WHAT TO PRODUCE:
Print the data exactly. Pictures stay out.

RAW DATA:
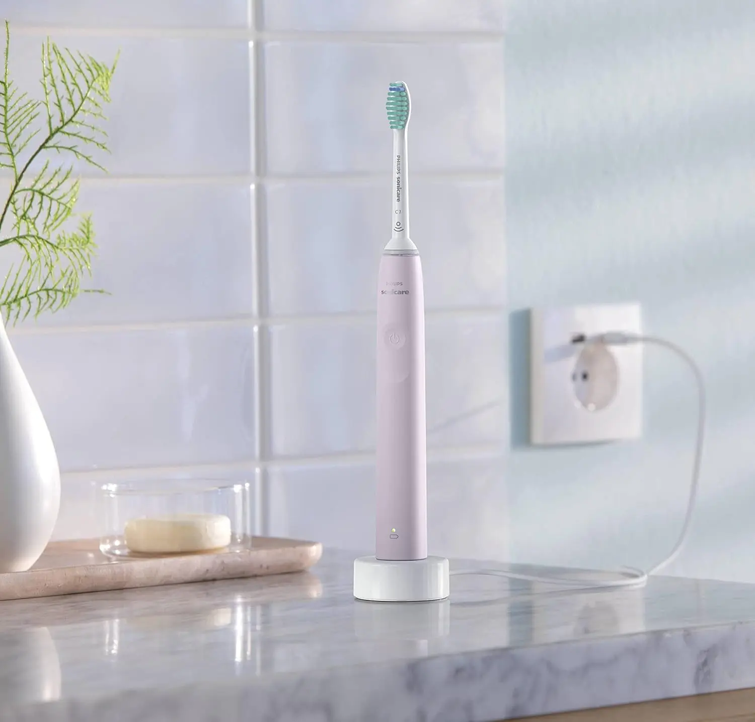 Upgrade your oral hygiene routine with the Philips Sonicare 3100 Electric Toothbrush. This powerful toothbrush is designed for adults seeking effective cleaning and improved gum health. Experience up to 3x more plaque removal along the gumline¹ compared to a manual toothbrush, thanks to the innovative C1 ProResults brush head. Our Advanced Sonic Technology delivers gentle yet powerful cleaning, pulsing fluid between your teeth and along the gumline with an impressive 62,000 bristle movements per minute. The Sonicare 3100 prioritizes your oral health and safety. A built-in pressure sensor alerts you if you’re brushing too hard, gently pulsing to remind you to ease up and protect your teeth and gums from damage. Enhance your brushing technique with smart features like EasyStart, which gradually increases brushing power for a comfortable transition to an electric toothbrush. The SmarTimer ensures you brush for the dentist-recommended 2 minutes, while the QuadPacer guides you to brush each quadrant of your mouth evenly for thorough cleaning. This comprehensive set includes the Philips Sonicare 3100 electric toothbrush handle, one C1 ProResults brush head, a convenient charger, and a travel case, perfect for maintaining your oral health on the go. Experience the difference of a Sonicare clean and achieve a healthier, brighter smile.
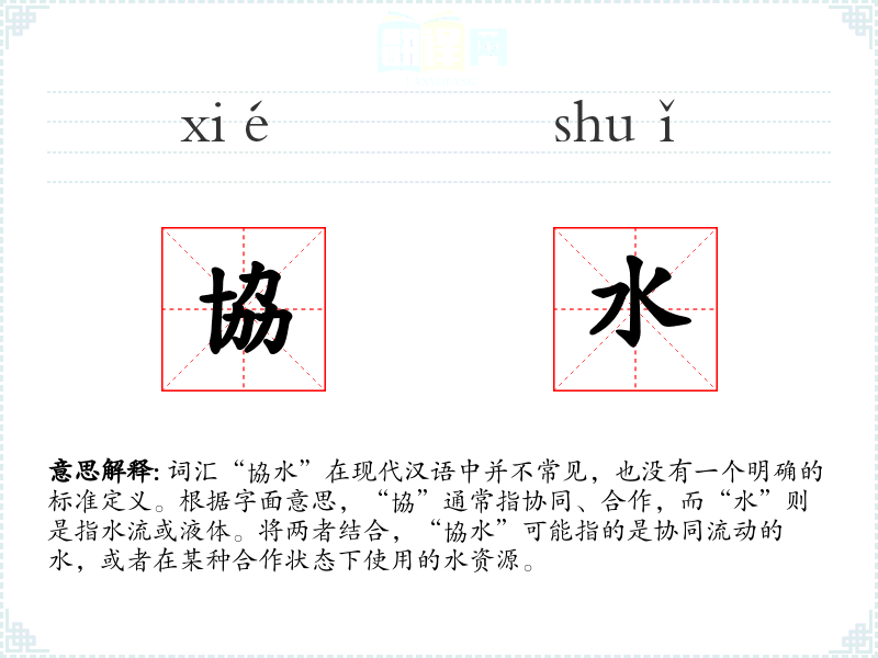 词汇“協水”在现代汉语中并不常见,也没有一个明确的标准定义。根据字面意思,“協”通常指协同、合作,而“水”则是指水流或液体。将两者结合,“協水”可能指的是协同流动的水,或者在某种合作状态下使用的水资源。
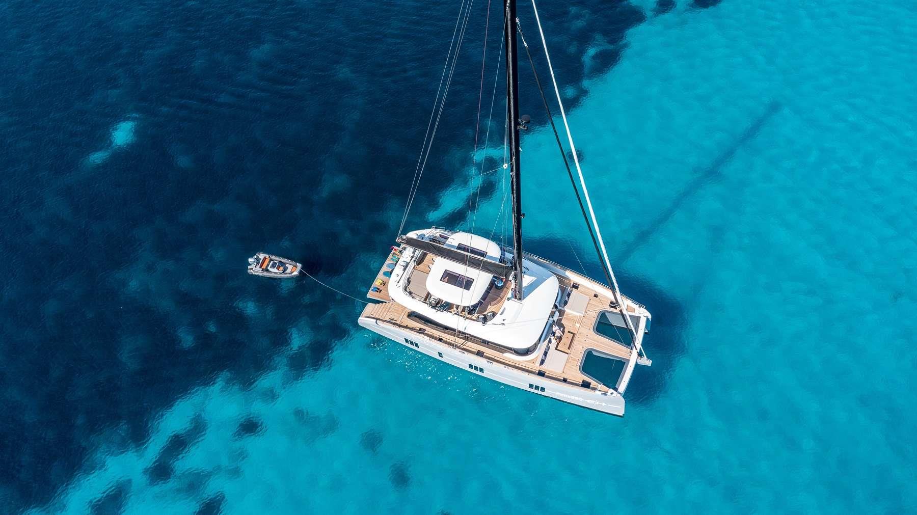 The spacious flybridge is fitted with dual helms, a day bed, additional sun awning, wet bar and a large dining table if you choose to dine up top. All sailing lines lead to the base of the mast, an ideal spot for guests to join in on the sailing action.
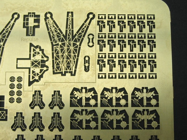 Royal Navy Battleships Set 2, this includes cranes for Warspite or Malaya, Rodney, Repulse and crane and catapult for Barham. This set should also includes type 271 radar, doors, hatches, ladders, oerlikons, quad vickers machine guns, searchlight detail, boat oars and two types of railing.
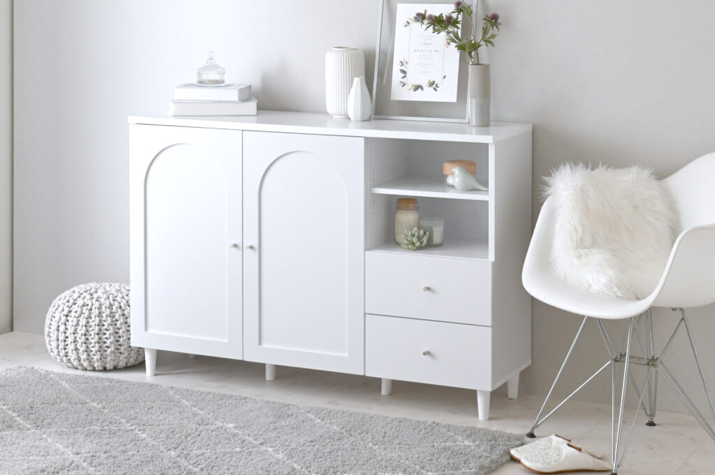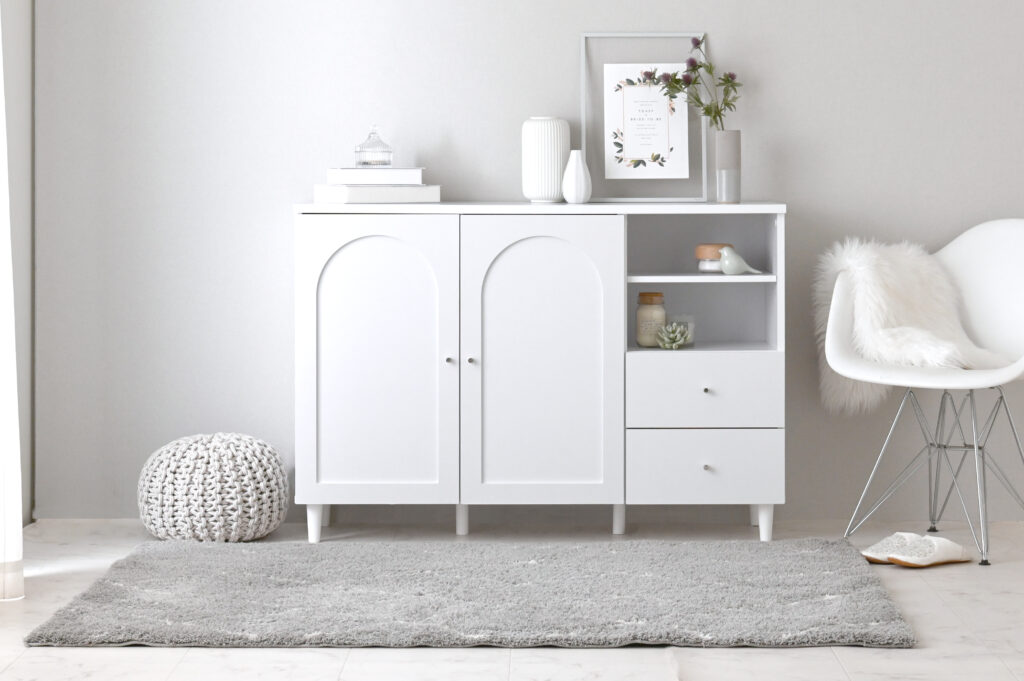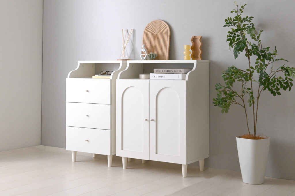 曲線の柔らかなフォルムと大人っぽいラタン扉が、個性的でこなれた雰囲気を演出します。

RESPONSE TO THIS TASK:
 Upgrade your oral hygiene routine with the Philips Sonicare 3100 Electric Toothbrush. This powerful toothbrush is designed for adults seeking effective cleaning and improved gum health. Experience up to 3x more plaque removal along the gumline¹ compared to a manual toothbrush, thanks to the innovative C1 ProResults brush head. Our Advanced Sonic Technology delivers gentle yet powerful cleaning, pulsing fluid between your teeth and along the gumline with an impressive 62,000 bristle movements per minute. The Sonicare 3100 prioritizes your oral health and safety. A built-in pressure sensor alerts you if you’re brushing too hard, gently pulsing to remind you to ease up and protect your teeth and gums from damage. Enhance your brushing technique with smart features like EasyStart, which gradually increases brushing power for a comfortable transition to an electric toothbrush. The SmarTimer ensures you brush for the dentist-recommended 2 minutes, while the QuadPacer guides you to brush each quadrant of your mouth evenly for thorough cleaning. This comprehensive set includes the Philips Sonicare 3100 electric toothbrush handle, one C1 ProResults brush head, a convenient charger, and a travel case, perfect for maintaining your oral health on the go. Experience the difference of a Sonicare clean and achieve a healthier, brighter smile.
 词汇“協水”在现代汉语中并不常见,也没有一个明确的标准定义。根据字面意思,“協”通常指协同、合作,而“水”则是指水流或液体。将两者结合,“協水”可能指的是协同流动的水,或者在某种合作状态下使用的水资源。
 The spacious flybridge is fitted with dual helms, a day bed, additional sun awning, wet bar and a large dining table if you choose to dine up top. All sailing lines lead to the base of the mast, an ideal spot for guests to join in on the sailing action.
 Royal Navy Battleships Set 2, this includes cranes for Warspite or Malaya, Rodney, Repulse and crane and catapult for Barham. This set should also includes type 271 radar, doors, hatches, ladders, oerlikons, quad vickers machine guns, searchlight detail, boat oars and two types of railing.
 曲線の柔らかなフォルムと大人っぽいラタン扉が、個性的でこなれた雰囲気を演出します。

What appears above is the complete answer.